▶ **PROBLEM REQUIREMENTS**
Below are the records; repeat exactly their lines between the line holding "estão todos por" and the line holding "Experience the vibrant", inclusive, skipping the pictures.

▶ **EXERCISE DATA**
= Beginning of Section =

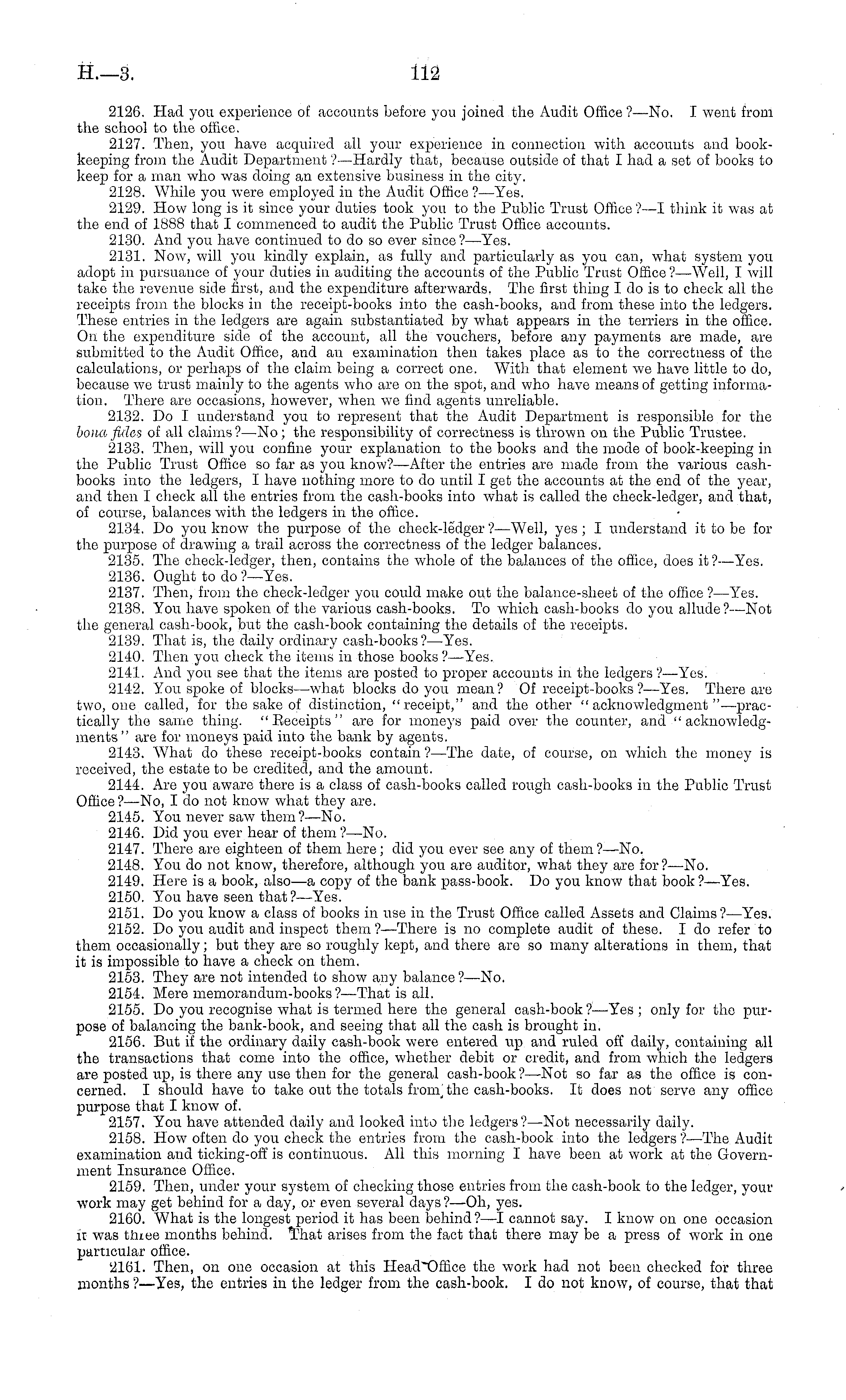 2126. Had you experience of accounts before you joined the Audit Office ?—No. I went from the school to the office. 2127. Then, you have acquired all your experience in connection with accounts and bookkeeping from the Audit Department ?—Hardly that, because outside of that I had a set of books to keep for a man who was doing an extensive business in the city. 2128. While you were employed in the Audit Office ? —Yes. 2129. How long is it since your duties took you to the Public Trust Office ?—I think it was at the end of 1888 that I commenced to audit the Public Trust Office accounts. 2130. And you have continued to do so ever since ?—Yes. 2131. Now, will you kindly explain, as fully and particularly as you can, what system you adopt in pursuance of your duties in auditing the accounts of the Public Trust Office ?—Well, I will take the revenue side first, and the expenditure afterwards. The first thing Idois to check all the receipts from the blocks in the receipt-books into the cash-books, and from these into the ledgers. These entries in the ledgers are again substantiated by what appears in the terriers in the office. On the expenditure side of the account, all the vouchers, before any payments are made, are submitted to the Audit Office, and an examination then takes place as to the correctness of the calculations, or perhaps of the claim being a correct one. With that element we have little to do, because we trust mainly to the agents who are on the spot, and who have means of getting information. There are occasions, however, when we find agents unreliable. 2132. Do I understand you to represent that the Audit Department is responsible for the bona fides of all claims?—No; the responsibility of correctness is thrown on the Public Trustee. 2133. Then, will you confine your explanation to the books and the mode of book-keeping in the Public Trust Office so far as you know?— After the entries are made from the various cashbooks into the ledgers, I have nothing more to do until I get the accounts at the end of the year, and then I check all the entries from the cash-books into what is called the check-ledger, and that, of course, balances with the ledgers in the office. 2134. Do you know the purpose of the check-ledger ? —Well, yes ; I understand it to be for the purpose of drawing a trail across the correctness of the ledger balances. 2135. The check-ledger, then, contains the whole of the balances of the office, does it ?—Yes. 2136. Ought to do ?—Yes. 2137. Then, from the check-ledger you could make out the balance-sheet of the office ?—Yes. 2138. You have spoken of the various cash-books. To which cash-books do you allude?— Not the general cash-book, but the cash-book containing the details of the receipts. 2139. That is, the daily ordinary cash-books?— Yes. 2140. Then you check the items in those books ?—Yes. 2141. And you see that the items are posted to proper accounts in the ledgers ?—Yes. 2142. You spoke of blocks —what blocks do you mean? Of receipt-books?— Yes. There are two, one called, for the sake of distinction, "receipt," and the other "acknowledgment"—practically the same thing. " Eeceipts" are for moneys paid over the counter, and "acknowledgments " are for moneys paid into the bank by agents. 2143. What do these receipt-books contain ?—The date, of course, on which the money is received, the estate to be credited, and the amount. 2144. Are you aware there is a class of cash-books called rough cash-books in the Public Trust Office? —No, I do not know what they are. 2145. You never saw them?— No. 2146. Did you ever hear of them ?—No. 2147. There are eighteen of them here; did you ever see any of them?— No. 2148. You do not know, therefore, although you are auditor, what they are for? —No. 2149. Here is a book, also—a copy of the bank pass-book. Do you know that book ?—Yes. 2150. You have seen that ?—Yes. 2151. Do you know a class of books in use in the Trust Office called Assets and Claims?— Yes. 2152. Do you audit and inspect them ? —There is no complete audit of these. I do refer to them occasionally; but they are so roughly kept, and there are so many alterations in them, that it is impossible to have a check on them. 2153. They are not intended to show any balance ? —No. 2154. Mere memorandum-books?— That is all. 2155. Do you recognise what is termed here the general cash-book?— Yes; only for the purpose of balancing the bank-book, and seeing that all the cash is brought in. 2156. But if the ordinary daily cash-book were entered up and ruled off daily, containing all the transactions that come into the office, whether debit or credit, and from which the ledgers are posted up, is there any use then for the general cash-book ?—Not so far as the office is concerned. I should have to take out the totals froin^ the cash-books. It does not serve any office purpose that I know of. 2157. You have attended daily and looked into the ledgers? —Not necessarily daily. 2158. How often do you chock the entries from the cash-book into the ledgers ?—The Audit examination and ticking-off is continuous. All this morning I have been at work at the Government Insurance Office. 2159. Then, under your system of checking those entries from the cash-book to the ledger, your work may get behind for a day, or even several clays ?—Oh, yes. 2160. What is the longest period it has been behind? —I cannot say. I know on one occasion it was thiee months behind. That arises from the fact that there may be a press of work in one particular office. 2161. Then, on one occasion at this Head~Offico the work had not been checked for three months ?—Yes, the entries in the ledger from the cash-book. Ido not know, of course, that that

= End of Section =
= Beginning of Section =

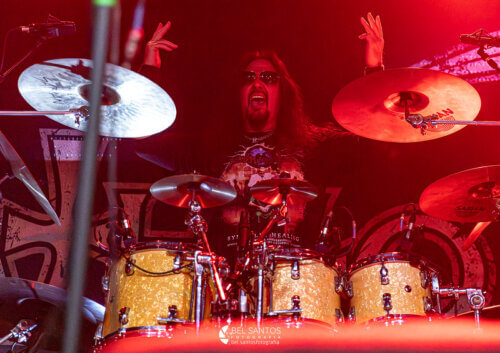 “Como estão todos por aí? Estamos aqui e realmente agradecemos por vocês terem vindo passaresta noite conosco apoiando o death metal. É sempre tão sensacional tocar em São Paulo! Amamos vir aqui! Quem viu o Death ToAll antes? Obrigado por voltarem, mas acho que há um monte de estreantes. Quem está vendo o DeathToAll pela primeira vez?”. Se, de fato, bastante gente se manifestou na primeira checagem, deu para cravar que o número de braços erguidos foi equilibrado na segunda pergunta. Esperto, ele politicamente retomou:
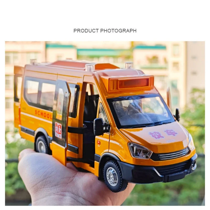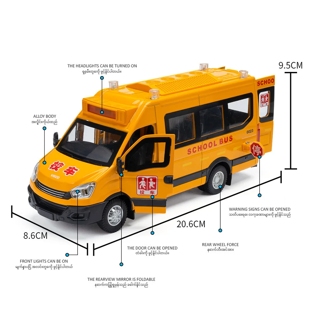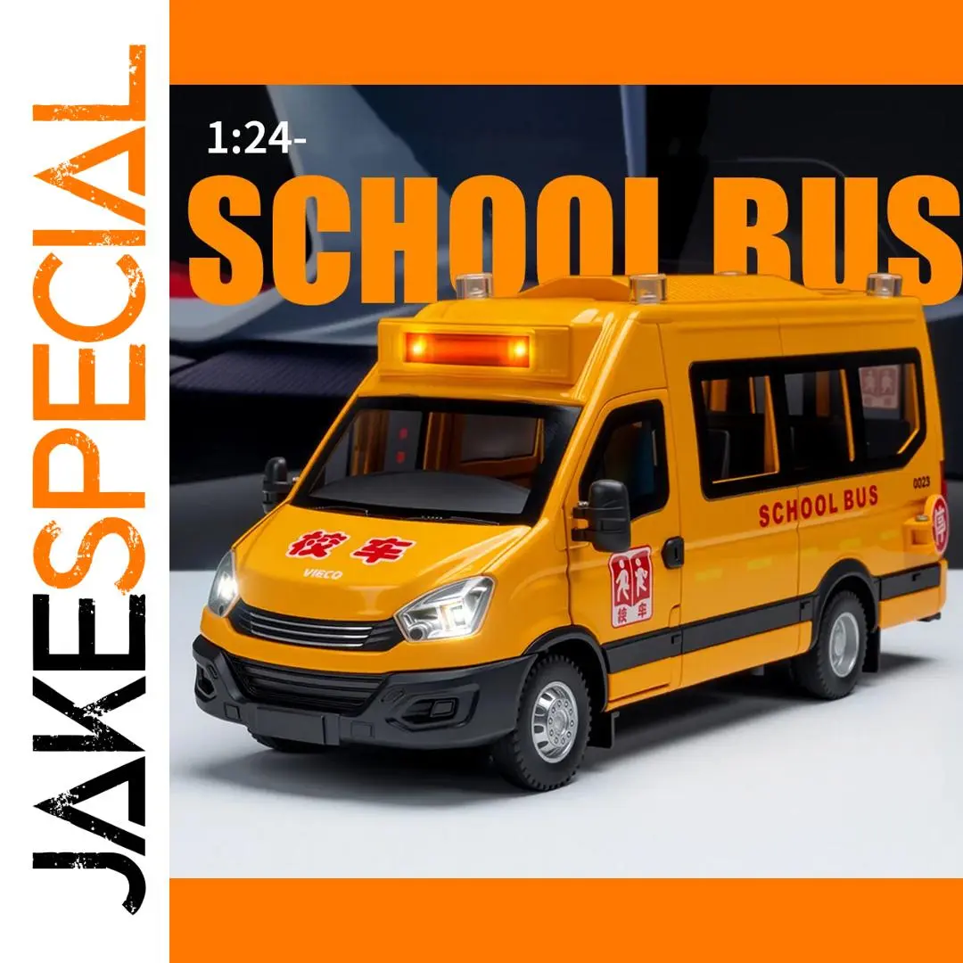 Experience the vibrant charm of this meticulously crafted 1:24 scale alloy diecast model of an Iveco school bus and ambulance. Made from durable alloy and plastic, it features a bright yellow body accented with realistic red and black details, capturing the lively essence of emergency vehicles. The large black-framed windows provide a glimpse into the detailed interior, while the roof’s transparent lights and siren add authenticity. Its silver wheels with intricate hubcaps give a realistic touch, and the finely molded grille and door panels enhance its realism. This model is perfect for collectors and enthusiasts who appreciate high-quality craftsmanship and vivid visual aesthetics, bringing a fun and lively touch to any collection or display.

= End of Section =
= Beginning of Section =

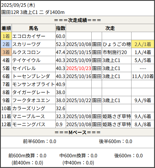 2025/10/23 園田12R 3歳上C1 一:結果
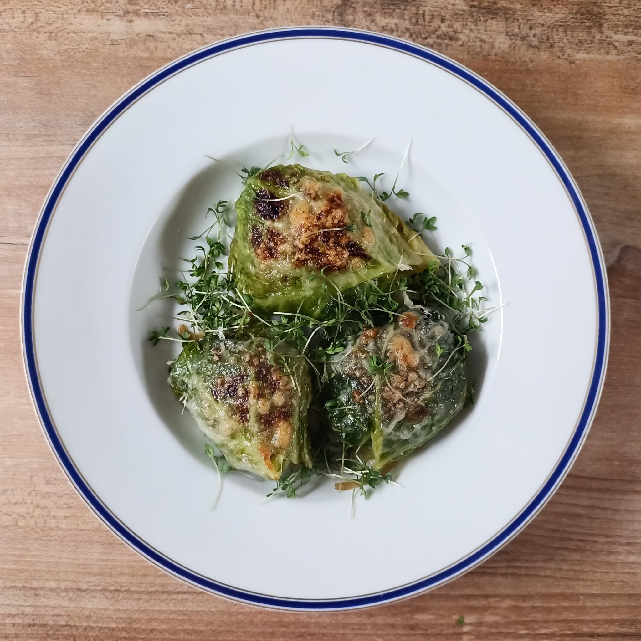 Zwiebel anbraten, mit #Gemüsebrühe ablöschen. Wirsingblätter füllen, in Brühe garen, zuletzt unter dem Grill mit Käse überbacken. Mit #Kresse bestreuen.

= End of Section =

▶ **SOLUTION FOR THIS PROBLEM**
 “Como estão todos por aí? Estamos aqui e realmente agradecemos por vocês terem vindo passaresta noite conosco apoiando o death metal. É sempre tão sensacional tocar em São Paulo! Amamos vir aqui! Quem viu o Death ToAll antes? Obrigado por voltarem, mas acho que há um monte de estreantes. Quem está vendo o DeathToAll pela primeira vez?”. Se, de fato, bastante gente se manifestou na primeira checagem, deu para cravar que o número de braços erguidos foi equilibrado na segunda pergunta. Esperto, ele politicamente retomou:
 Experience the vibrant charm of this meticulously crafted 1:24 scale alloy diecast model of an Iveco school bus and ambulance. Made from durable alloy and plastic, it features a bright yellow body accented with realistic red and black details, capturing the lively essence of emergency vehicles. The large black-framed windows provide a glimpse into the detailed interior, while the roof’s transparent lights and siren add authenticity. Its silver wheels with intricate hubcaps give a realistic touch, and the finely molded grille and door panels enhance its realism. This model is perfect for collectors and enthusiasts who appreciate high-quality craftsmanship and vivid visual aesthetics, bringing a fun and lively touch to any collection or display.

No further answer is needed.